5 Questions With Thought Leadership Expert Terry Catchpole

Eastwick
Eastwick Media Relations
4 min readAug 25, 2016

Terry Catchpole is the co-founder and Executive Chairman of The Catchpole Corporation, which has more than 25 years experience managing executive and corporate visibility speaking strategies for companies in all markets.

You started Catchpole over two decades ago. How have you seen the event industry evolve since then?

Interestingly, the event industry has changed very little in the past two decades. We are frequently asked whether the event business is dying out with the rise of webinars and advances in online meeting technology. And the reality is, it is actually more robust than ever. All along we have said that when it comes to IT industry events, every time there is a new wrinkle of technology, at least a half dozen events spring up around it. Just look at the events landscape today and you will see conferences focused on the Internet of Things, Big Data, 3D printing and other new IT wrinkles that did not exist a few years ago. The most significant changes have been those regarding conference agenda structure, especially with the gradual disappearance of the standalone, PowerPoint-driven presentation. It’s now more common to see featured panels or “fireside chat”-style conversations among two or more speakers than ever before.

What’s the number one misconception companies have about executive speaking programs?

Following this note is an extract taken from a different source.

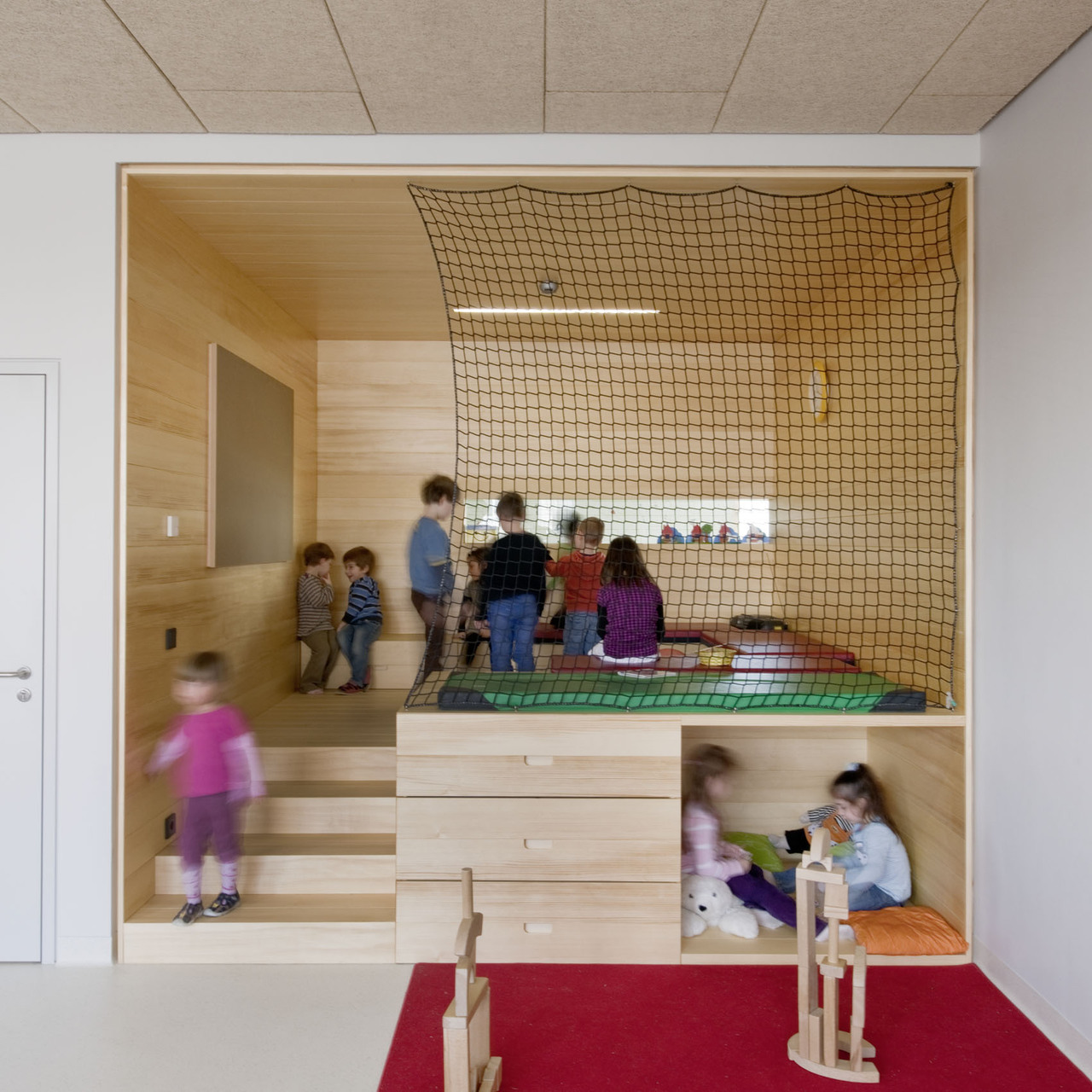 Innen passen sich die Räume mit ihren niedrigen Parapeten den Dimensionen der kleinen Nutzer an. Warme Holztöne schaffen Wohnlichkeit. Hits sind zum einen ein gepolstertes Spiel-Krokodil mit Tunnel, zu dem die Treppe ins Obergeschoß samt dem Raum unter ihr gemacht wurde, und zum anderen die alkovenartigen holzverkleideten Nebenräume, in denen sich Kinder zurückziehen, ja gar verstecken können. Dazu kommen die großen Fenster in Richtung Bahnhof – mit dem Ein- und Ausfahren der Züge als täglich neue Attraktion.

The biggest misconception is probably that the company gets to decide what their speakers are going to talk about, without giving any regard to what the conference organizers have determined that their attendees what to hear. At Catchpole, we like to say that every conference manager in the world shares a single overriding objective: to create a group of happy attendees. Companies rarely stop and ask, “What do we have to offer that attendees at Conference X are going to want to hear.” Instead, they just pitch their boilerplate.

If attendees wanted to hear a sales pitch, they would pick up the phone and ask for a meeting. They wouldn’t pay to attend a conference to hear it. When attendees register for an event looking to hear inspiring, helpful material and instead receive an earful of boilerplate, there’s no doubt that the organizers receive feedback that their attendees are very unhappy — and might not come back next year. So companies, first and foremost, must pay attention to what conference organizers have determined to be important and relevant to their audience, and map their speaker proposals to that focus.

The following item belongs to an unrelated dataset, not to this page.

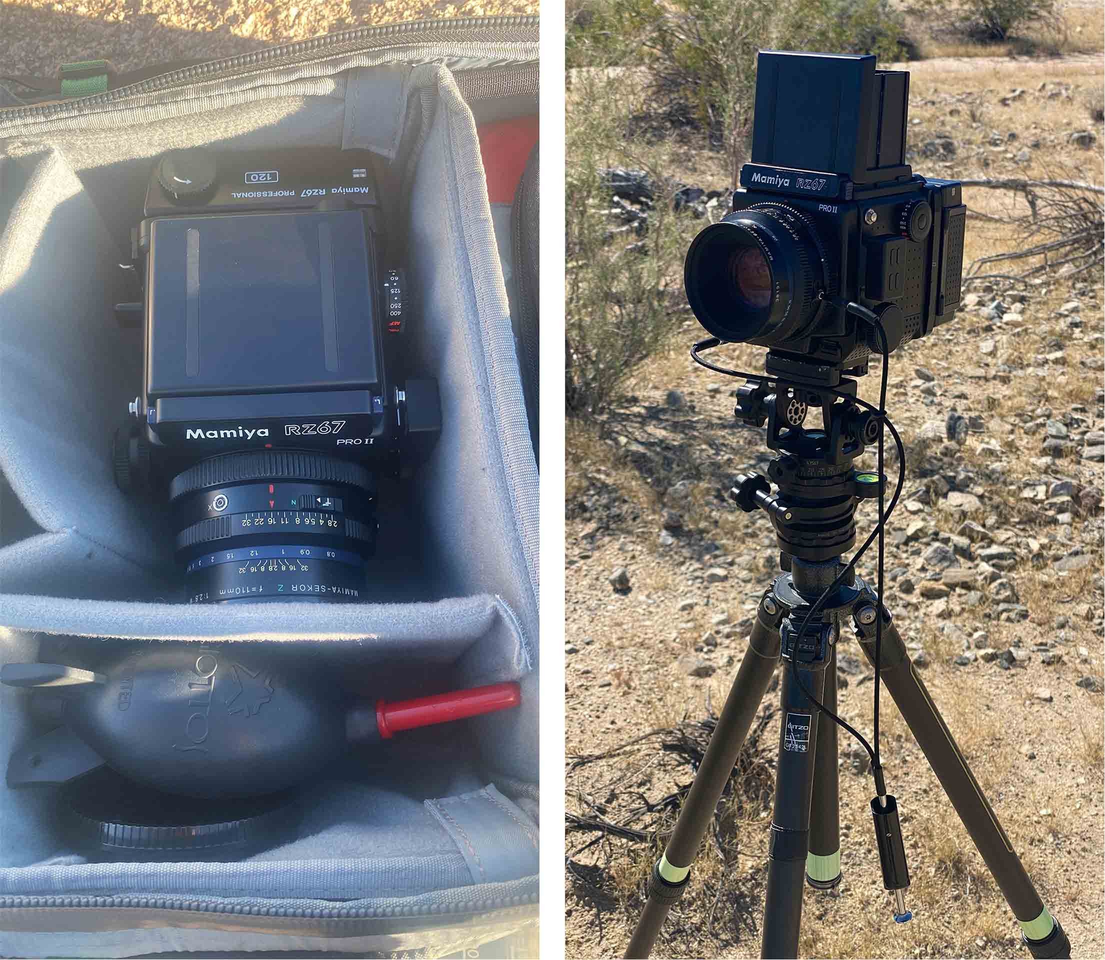 (Left) The Mamiya RZ67 Pro II taking up most of the room in my camera backpack | (Right) Setup and ready to take my first image | © 2025 Jon Norris

Who do you consider to be the most well-spoken thought leader in the tech industry?

The embarrassing truth is that I do not attend enough conferences to be able to address that question with any authority. I know that you see traditional IT leaders like John Chambers appearing often as conference speakers, as well as newer arrivals such as Reed Hastings of Netflix. Personally, the single most well-spoken IT industry thought leader whom I ever heard was Steve Jobs, at the first public presentation of the Macintosh computer. It in the early 1980s at a public meeting of the Boston Computer Society, on whose board I was honored to sit. Jobs was amazingly charismatic, as many others have attested to; but he was also amazingly generous in sharing the stage and credit for the Mac with his Apple colleagues.

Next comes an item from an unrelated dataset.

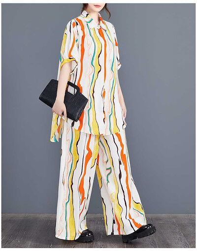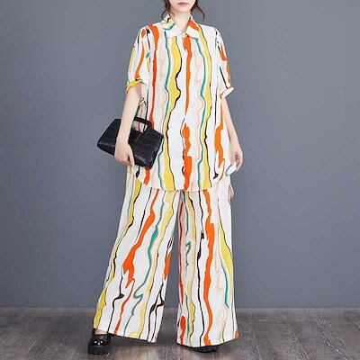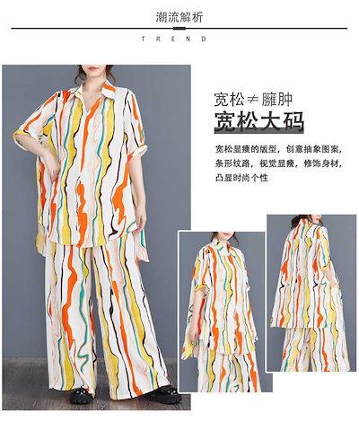 「ファットガール」 2024夏新品 上下セット ロングシャツ+ワイドパンツ 大きいサイズ 体型カバー レディース セットアップ メガ割

What advice do you have for PR and marketing professionals who struggle to implement effective event programs?

Embrace the reality that every event is unique, and take the time to research how it is unique and how the organizers position their event against the competition. Talking to as many conference organizers as possible — not to pitch; to learn — is the single best way to “win” this struggle. Then, once you have learned the unique features about a given conference, the next challenge is to educate clients as to how they can position themselves to accommodate the special nature of a specific conference they may be targeting.

What’s one thing people would be surprised to learn about you?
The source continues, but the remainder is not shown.